PROBLEM ▸
Please give the lines below again exactly as they stand, from the one that contains "При указании значений" up to and including the one that contains "42mm Presta Valve", leaving all pictures out.

(Stored items from a collection)
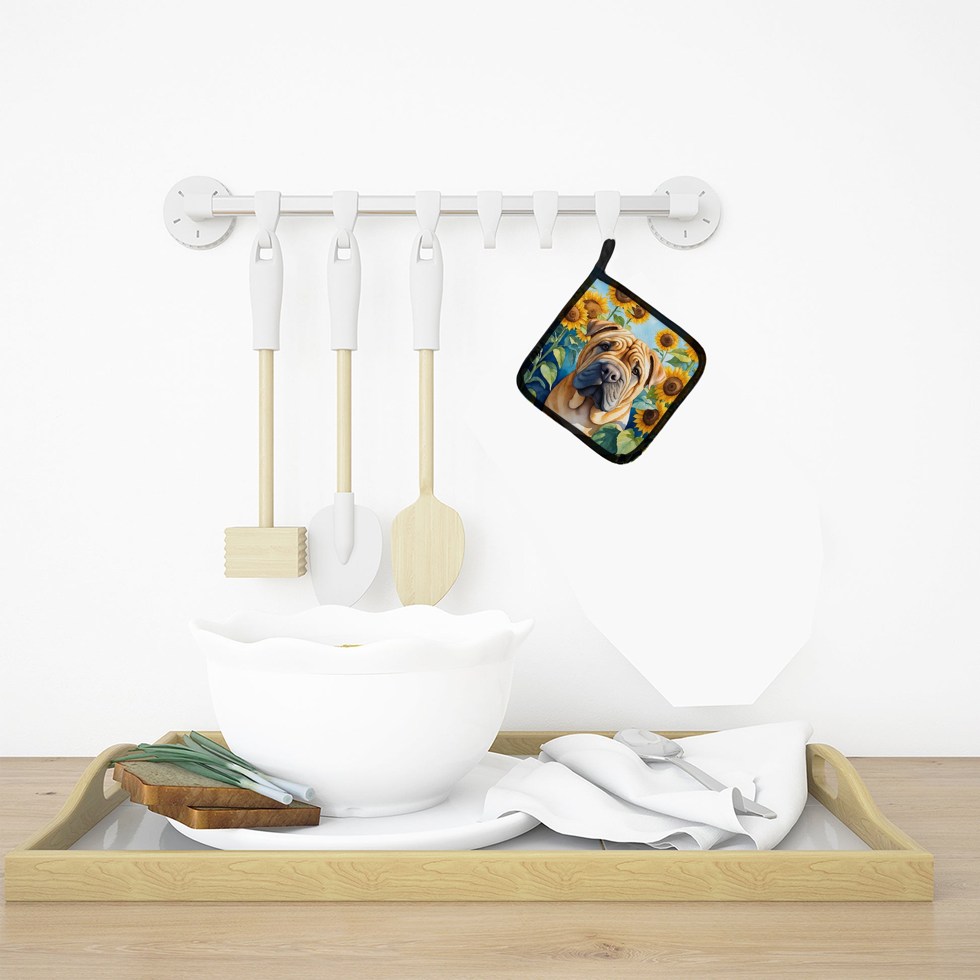 Pair of Pot Holders featuring breed specific Shar Pei artwork. A Pair of Pot Holders to match your kitchen decor. Made in the USA these are thick and functional. Full color artwork decorates the front polyester fabric of the hot pad and accented by a black trim. Use these at as a trivet for your Thanksgiving or Christmas tablescape. Filled with insulated fabric and quilted for durability. These colorful pot holders will make a great gift for your favorite home cook or executive chef. Each pot holder measures approximately 7 1/2 inches by 7 1/2 inches. A hanging tab is included.
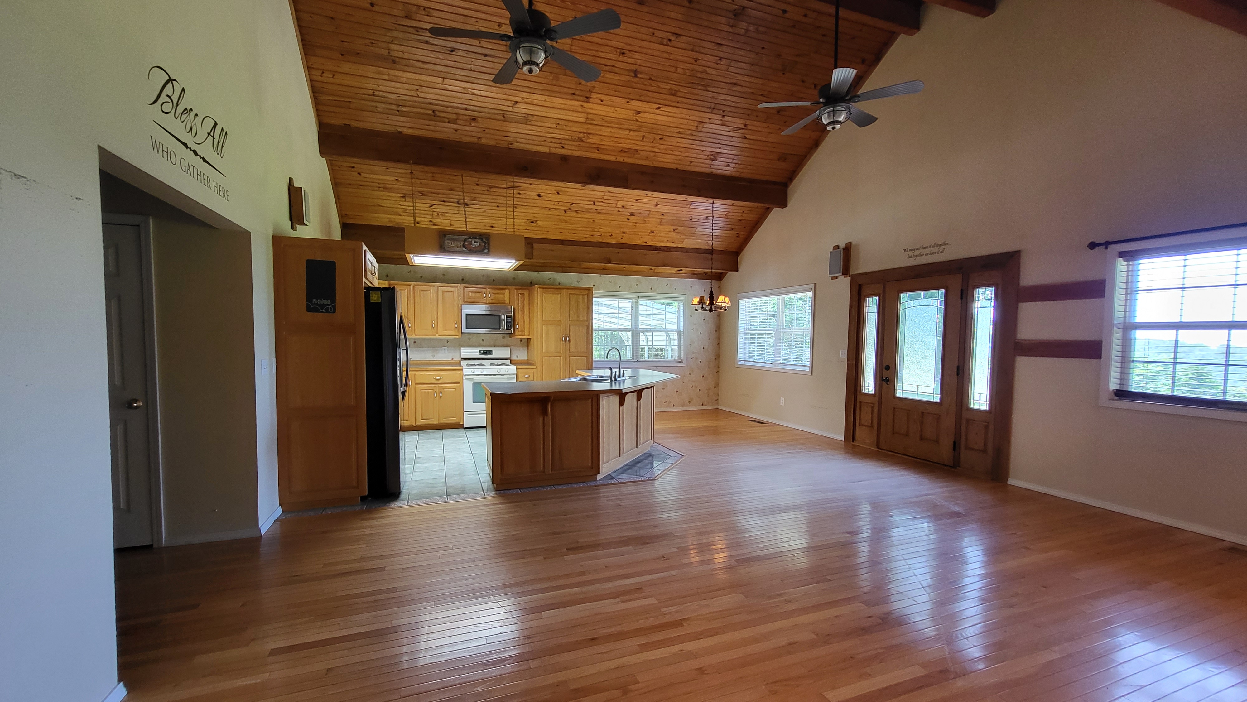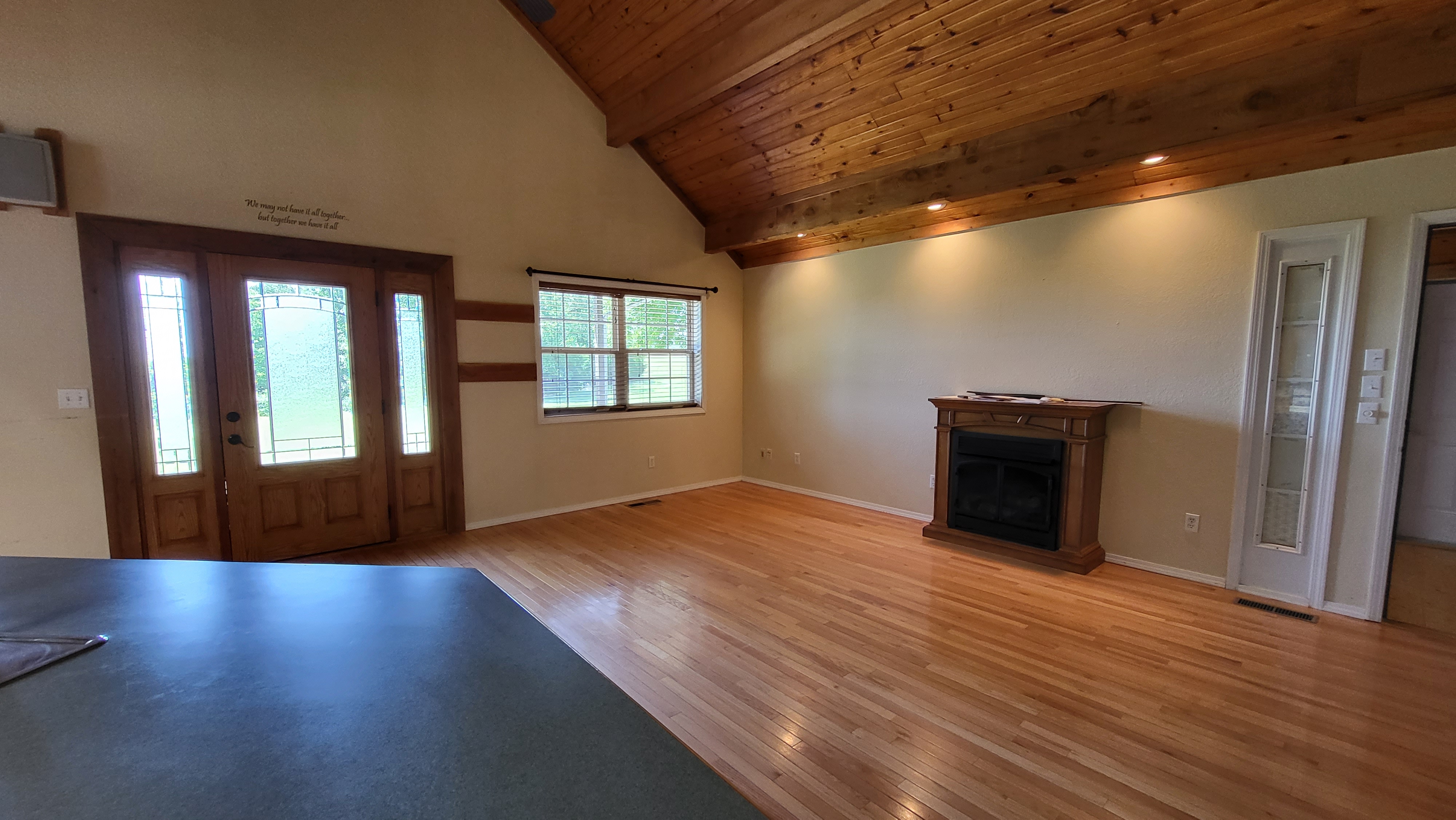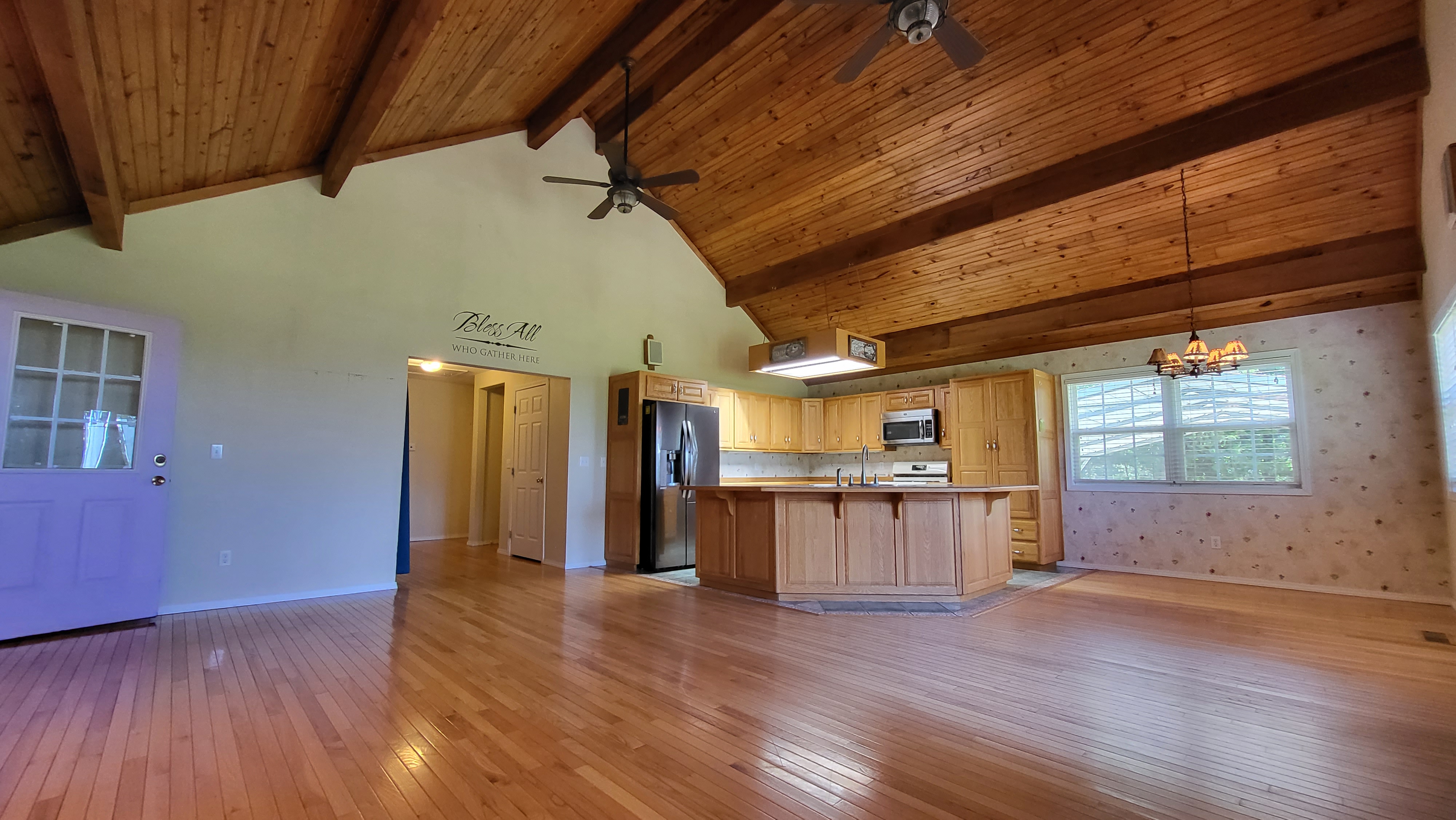 - Vaulted ceiling and wood accents
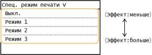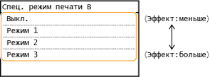 При указании значений <Выкл.> или <Режим 1> на распечатках могут появляться полосы. При выборе <Режим 3> или <Режим 4> контуры могут быть размытыми, а изображения могут казаться слегка зернистыми. Плотность печати уменьшается при изменении параметра с <Выкл.> на <Режим 4>.
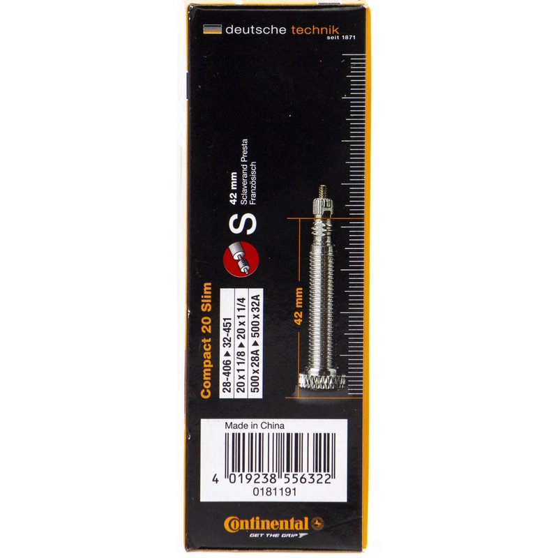 Continental 20" Bicycle Tube, Slim 1.125"/1.25" 42mm Presta Valve
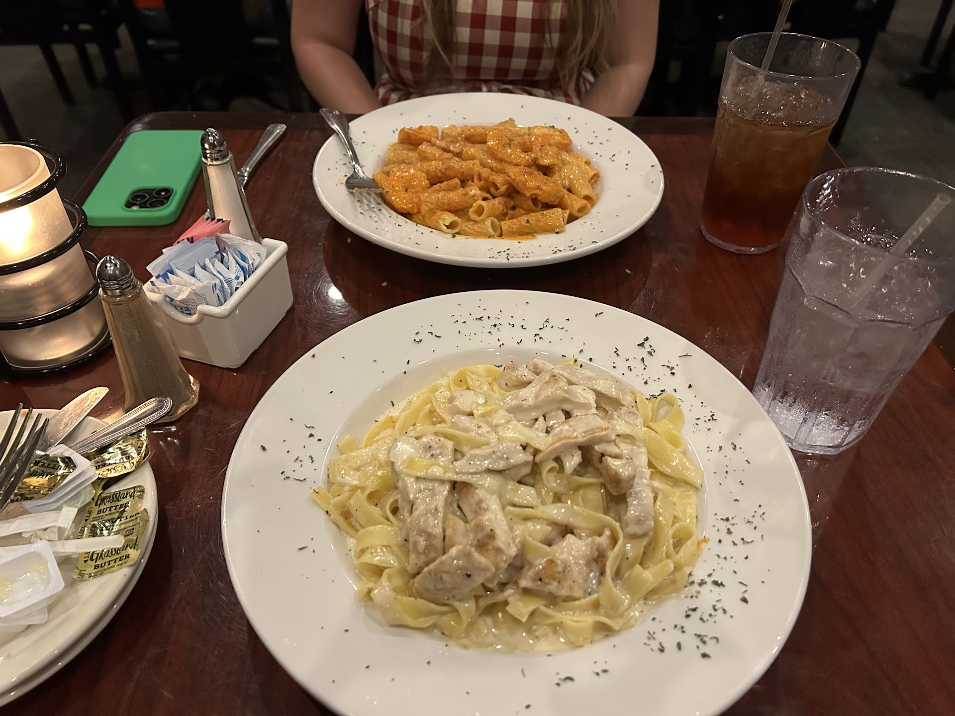 Went to the restaurant for our reserved time. It was just 2 of us at tis moment. We were waiting on the other 3. I don't think anything was written down or documented we had a reservation. We walked in and said I had a reservation for 5 at 6pm. They tried to sit us with another group at first. Odd. Then we got seated at another table with 6 place settings. Host took one away. Ok. There were 2 menus on the table. Never received anymore menus than that. 15 minutes of waiting for our party, they call and say they are here, but can't find us. Remember that weird thing mentioned in the reservation call? "Ira Woods". That is because there is another location .6mi away! Anyway, the rest of our party shows up. It's BYOB. One member had a 6pk beer, but they had no ice buckets to keep beer cold. Still only had the 2 menus. Placed an order for apps. They brought bread too. Then they gave us plate of Bruschetta on the house. That was nice. There was about an hour in between placing the app order and taking our dinner order. It was fine because they got very busy for a Tuesday night I thought. BUT, during that hour, a waiter dropped more bread off for us, but then quickly realized it was meant for another table. This happened again when a plate of calamari was dropped off but then taken away. Then when we were nearing the end of our dinner, I had asked for a couple of to-go boxes, but the waiter just took my plate and the others to the back and boxed up. I felt I was in one of those funny TikTok pranks where they take Dad's plate while he is still eating.

WRITTEN SOLUTION ▸
 При указании значений <Выкл.> или <Режим 1> на распечатках могут появляться полосы. При выборе <Режим 3> или <Режим 4> контуры могут быть размытыми, а изображения могут казаться слегка зернистыми. Плотность печати уменьшается при изменении параметра с <Выкл.> на <Режим 4>.
 Continental 20" Bicycle Tube, Slim 1.125"/1.25" 42mm Presta Valve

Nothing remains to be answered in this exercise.